3.4. Register the User

   $ devinity server users add user@example.com jdoe \
       <ssh-pubkey> <vpn-pubkey>

3.5. Connect and Deploy

The server auto-detects your project type, runs the appropriate build, and detects how to start the app. In most cases no configuration file is needed at all:

   $ devinity vpn connect
   $ devinity git init myapp
   $ cd myapp
   $ git add . && git commit -m "initial commit"
   $ git push

The push triggers an automatic build and deploy. The app is now running and reachable inside the VPN.

For more control, add a .devinity file in the repository root:

   [start]
   java -jar target/app.jar

Optional sections include [setup] for build commands, [auto-deploy] to control automatic deployment, [devinity-port-name-mapping] for custom port variable names, and [domains] to assign custom domains.
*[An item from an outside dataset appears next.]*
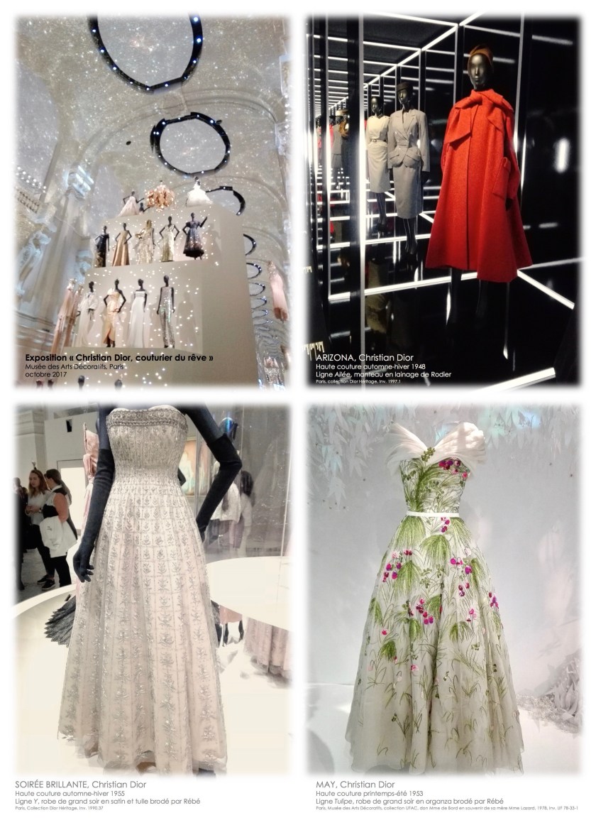 Ensuite, quitte à être dans la foule à Paris, j’en ai profité pour visiter l’exposition Christian Dior au musée des Arts Décoratifs. J’avais envie de belles matières, de mélanges de couleurs et de matériaux, d’un voyage dans les années 50 et 60, au gré de tenues qui les ont traversées.

See the User Guide for the full reference.

4. Git Web Interface

Every Devinity server includes a web-based Git repository browser powered by cgit, accessible at https://git.internal inside the VPN. Browse commits, diffs, and file trees from any browser without leaving the VPN network.

5. Why "Devinity"

The name Devinity is a blend of four words: divine, development, deployment, and initialize. It captures the vision that setting up your own infrastructure and shipping code should feel seamless, almost divine. Too many developers surrender control of their projects to opaque cloud platforms, trading autonomy for lock-in and unpredictable costs. Devinity was created to give that power back: a single binary that turns any Linux server into a complete Git hosting and CI/CD platform, secured behind a private VPN, with zero external dependencies. No middleman, no vendor dashboard, no surprise invoice. Just initialize your server, push your code, and watch it deploy -- on hardware you own, under rules you set. That is the kind of sovereignty every developer deserves, and bringing it within reach is what Devinity is for.